| WHAT NEEDS TO BE DONE |
An exact transcription of every entry is required, with the images left out.

| SUPPLIED RECORDS |
————
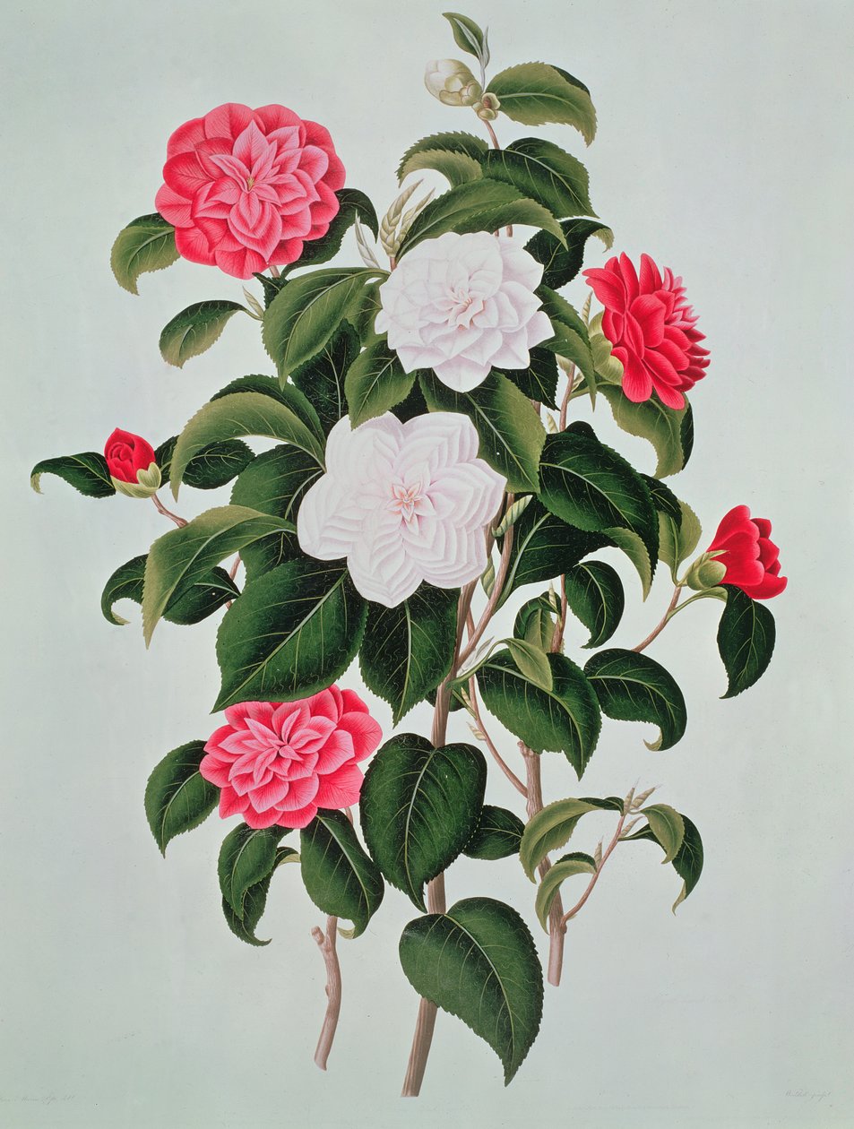 Camellia Japonica, kirjasta A Monograph on the Genus of the Camellia, 1819.(Camellia Japonica, from A Monograph on the Genus of the Camellia, 1819)William Curtis |
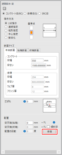 梁を回転して配置する場合に回転角度を入力します。 配置済みの梁の回転角度を参照して適用するときは、[参照]ボタンをクリックします。操作方法について、詳しくは以下を参照してください。 |
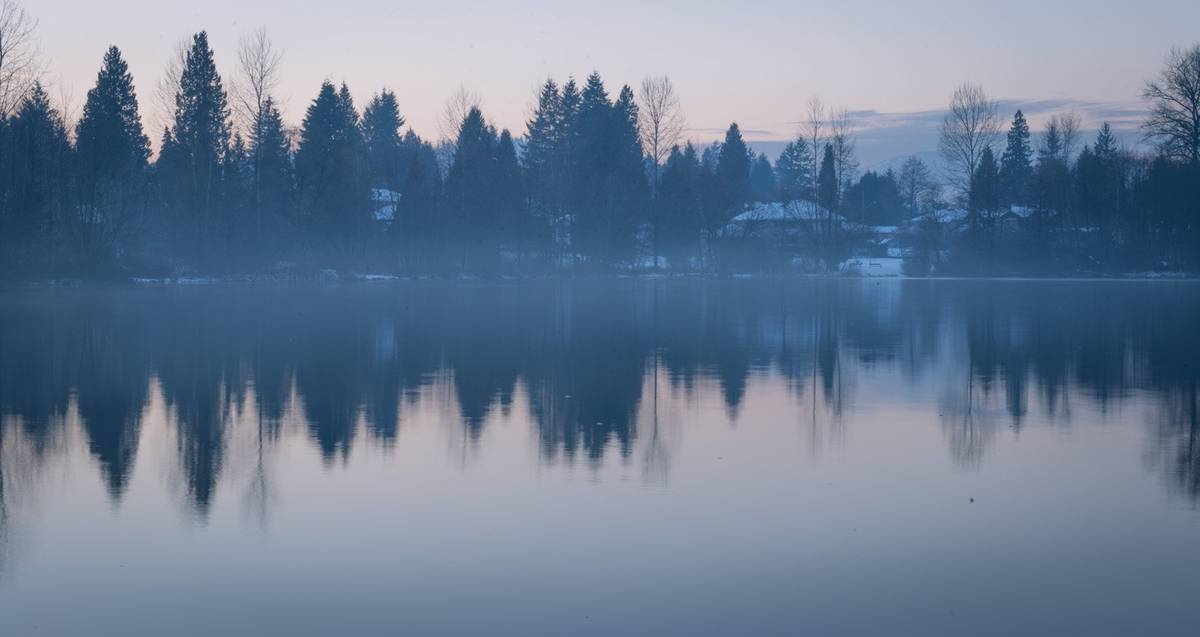 小雪後的黃昏, 霧泛湖面, 景迷色褪.
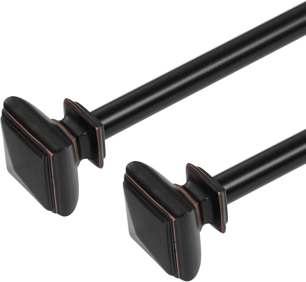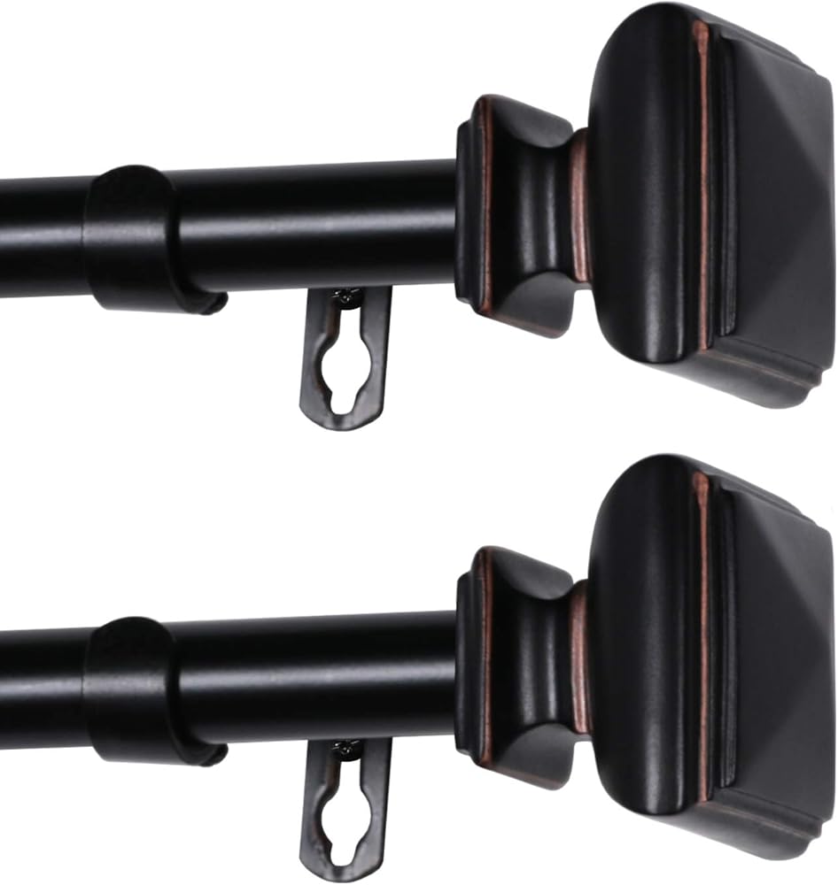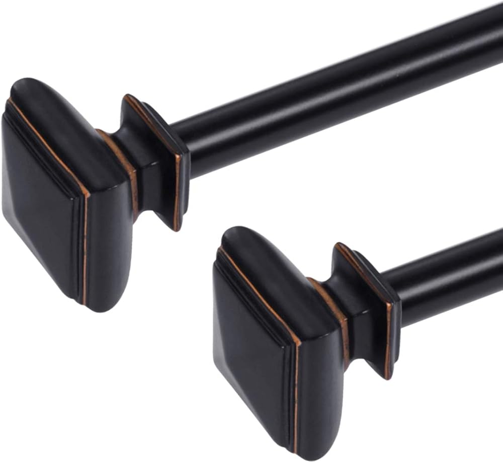 الفيروز 2 حزمة قضبان ستارة النافذة لنظام التشغيل Windows 28 إلى 48 بوصة ديكور قابل للتعديل 3/4 بوصة قطر نافذة واحدة قضبان الستارة مجموعتين، تيجان كلاسيكية مربعة غربية، نيكل
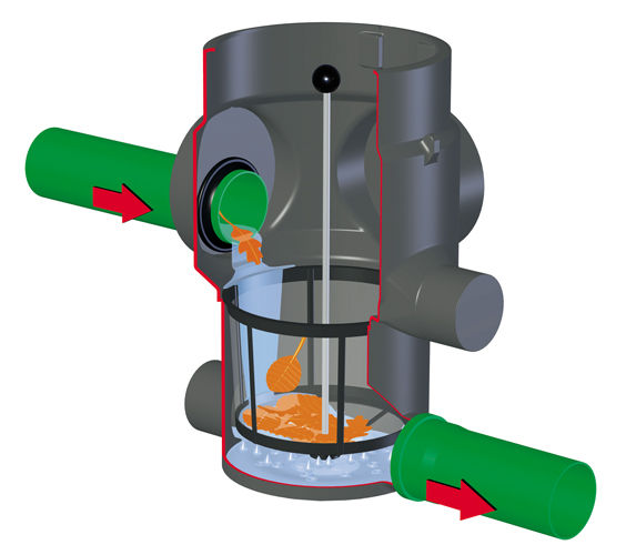 Dažďová voda zo strechy je do nádrže privádzaná jednou, alebo viacerými rúrami. Filtračný kôš zachytí všetky mechanické nečistoty. Ponorné čerpadlo Gardena, prípadne výkonnejšie čerpadlo Divertron, ktoré je umiestnené v nádrži, zabezpečuje prívod vody tlakovou hadicou priamo do integrovanej prípojky v poklope nádrže.
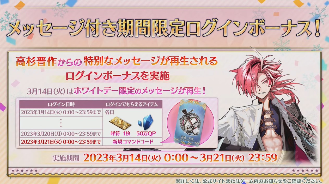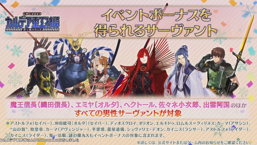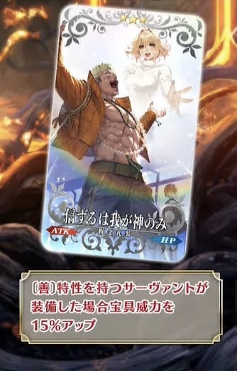 どっかで「二次創作チェックしてます」的なこと話してて、その直後くらいに怪盗天草きたから、マジで「このキャラには人とか金を動かす力がありますよ」って態度で示すの大事だと思うホワイトデー関係は天草(アポクリファ鯖、後に霊衣獲得)、アーサー(プロトタイプ鯖)、アラフィフ(実装済み、霊衣獲得)、
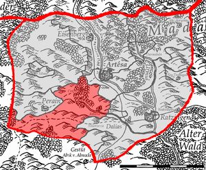 Größte Ortschaft der Dominie ist Fels im Katraguatal mit mehr als 550 Einwohnern. Über dem Ort thront das gleichnamige Castillo auf einem fast 30 Schritt hohen Brocken aus rotem Granit, dem Gestein, welches auch den in der Ferne steil abfallenden Talhängen ihre Farbe verleiht. Der Granit wird in einem Steinbruch unweit des Ortes abgebaut. Das Tal selbst ist recht trocken; die Quelle, die im Ort hervorsprudelt, ist die einzige größere in weitem Umfeld. So wird nur am Talgrund Ackerbau für den Eigenbedarf betrieben, während darüber Pferde und andere Nutztiere in dem von rotem Mohn und anderen Wildblumen gefärbten Grasland weiden. An den Steilhängen suchen Ziegen nach kärglicher Nahrung unter den zahlreichen Olivenbäumen, die ihre Wurzeln in den steinigen Grund graben. Da das Castillo nicht mit Wasser aus der Quelle zu versorgen wäre, sollte der Ort trotz der umgebenden Mauer gestürmt werden, ließen die Lindholz eine prachtvolle Zisterne in das rote Gestein treiben. Auf dem Castillo findet sich auch ein kleiner Rondratempel, während die Einwohner zu Ehren der Peraine im Ort selbst einen Schrein errichtet haben.
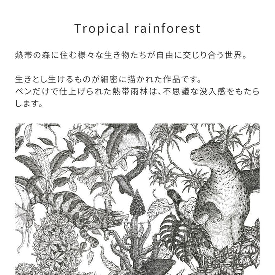ペンだけで仕上げられた熱帯雨林は、不思議な没入感をもたらします。
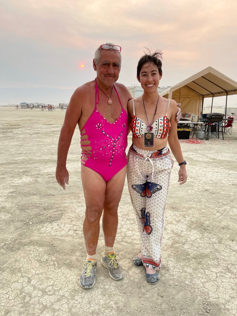 We did a slightly larger loop for the next one. On the way back in I had to use the bathroom – except, it’s the desert, and there are no bathrooms. Because this year’s Burning Man was completely unofficial and had no involvement from the Burning Man Org, the Bureau of Land Management put a number of rules in place that were somewhat inconvenient for campers. One of these rules made it very difficult for portopotties to be brought out to the Playa. Instead, I used the Wag Bag I had brought for this purpose, and paused in the middle of the desert to do this. This was probably one of the more scenic commodes I have had the pleasure of experiencing. Fortunately, the Wag Bags are EXTREMELY well sealed, so carrying it for the next ten minutes was not unhygienic or smelly, and I used hand sanitizer immediately after finishing the lap. I recognize this sounds and seems a little gross, but it was also very much a part of the Burning Man experience this year – most camps spent a weirdly large amount of time trying to figure out how to shuttle human waste off the Playa.
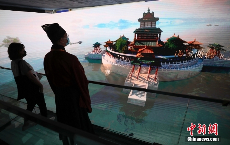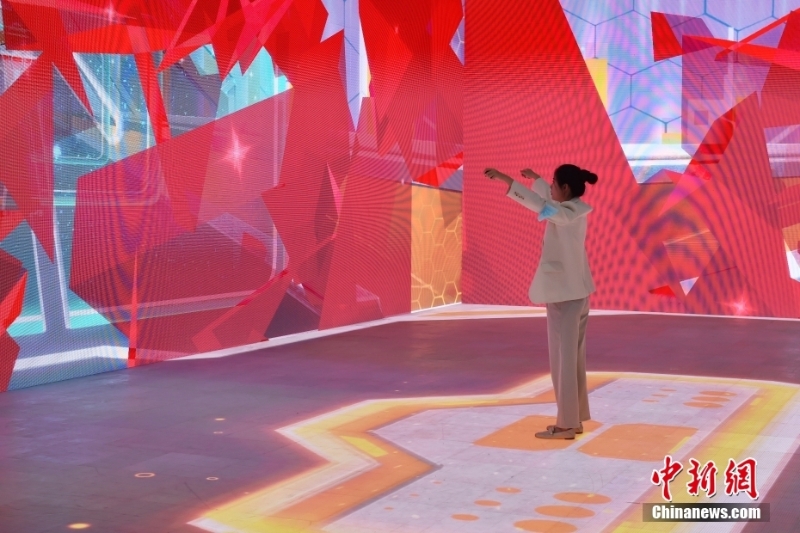 9月2日,北京,觀眾在2022年服貿(mào)會(huì)首鋼園展區(qū)《千機(jī)圓明》沉浸式體驗(yàn)空間感受場(chǎng)景穿梭的視覺盛宴。 中新社記者 趙雋 攝
————
| RESPONSE |
 Camellia Japonica, kirjasta A Monograph on the Genus of the Camellia, 1819.(Camellia Japonica, from A Monograph on the Genus of the Camellia, 1819)William Curtis |
 梁を回転して配置する場合に回転角度を入力します。 配置済みの梁の回転角度を参照して適用するときは、[参照]ボタンをクリックします。操作方法について、詳しくは以下を参照してください。 |
 小雪後的黃昏, 霧泛湖面, 景迷色褪.
 الفيروز 2 حزمة قضبان ستارة النافذة لنظام التشغيل Windows 28 إلى 48 بوصة ديكور قابل للتعديل 3/4 بوصة قطر نافذة واحدة قضبان الستارة مجموعتين، تيجان كلاسيكية مربعة غربية، نيكل
 Dažďová voda zo strechy je do nádrže privádzaná jednou, alebo viacerými rúrami. Filtračný kôš zachytí všetky mechanické nečistoty. Ponorné čerpadlo Gardena, prípadne výkonnejšie čerpadlo Divertron, ktoré je umiestnené v nádrži, zabezpečuje prívod vody tlakovou hadicou priamo do integrovanej prípojky v poklope nádrže.
 どっかで「二次創作チェックしてます」的なこと話してて、その直後くらいに怪盗天草きたから、マジで「このキャラには人とか金を動かす力がありますよ」って態度で示すの大事だと思うホワイトデー関係は天草(アポクリファ鯖、後に霊衣獲得)、アーサー(プロトタイプ鯖)、アラフィフ(実装済み、霊衣獲得)、
 Größte Ortschaft der Dominie ist Fels im Katraguatal mit mehr als 550 Einwohnern. Über dem Ort thront das gleichnamige Castillo auf einem fast 30 Schritt hohen Brocken aus rotem Granit, dem Gestein, welches auch den in der Ferne steil abfallenden Talhängen ihre Farbe verleiht. Der Granit wird in einem Steinbruch unweit des Ortes abgebaut. Das Tal selbst ist recht trocken; die Quelle, die im Ort hervorsprudelt, ist die einzige größere in weitem Umfeld. So wird nur am Talgrund Ackerbau für den Eigenbedarf betrieben, während darüber Pferde und andere Nutztiere in dem von rotem Mohn und anderen Wildblumen gefärbten Grasland weiden. An den Steilhängen suchen Ziegen nach kärglicher Nahrung unter den zahlreichen Olivenbäumen, die ihre Wurzeln in den steinigen Grund graben. Da das Castillo nicht mit Wasser aus der Quelle zu versorgen wäre, sollte der Ort trotz der umgebenden Mauer gestürmt werden, ließen die Lindholz eine prachtvolle Zisterne in das rote Gestein treiben. Auf dem Castillo findet sich auch ein kleiner Rondratempel, während die Einwohner zu Ehren der Peraine im Ort selbst einen Schrein errichtet haben.
ペンだけで仕上げられた熱帯雨林は、不思議な没入感をもたらします。
 We did a slightly larger loop for the next one. On the way back in I had to use the bathroom – except, it’s the desert, and there are no bathrooms. Because this year’s Burning Man was completely unofficial and had no involvement from the Burning Man Org, the Bureau of Land Management put a number of rules in place that were somewhat inconvenient for campers. One of these rules made it very difficult for portopotties to be brought out to the Playa. Instead, I used the Wag Bag I had brought for this purpose, and paused in the middle of the desert to do this. This was probably one of the more scenic commodes I have had the pleasure of experiencing. Fortunately, the Wag Bags are EXTREMELY well sealed, so carrying it for the next ten minutes was not unhygienic or smelly, and I used hand sanitizer immediately after finishing the lap. I recognize this sounds and seems a little gross, but it was also very much a part of the Burning Man experience this year – most camps spent a weirdly large amount of time trying to figure out how to shuttle human waste off the Playa.
 9月2日,北京,觀眾在2022年服貿(mào)會(huì)首鋼園展區(qū)《千機(jī)圓明》沉浸式體驗(yàn)空間感受場(chǎng)景穿梭的視覺盛宴。 中新社記者 趙雋 攝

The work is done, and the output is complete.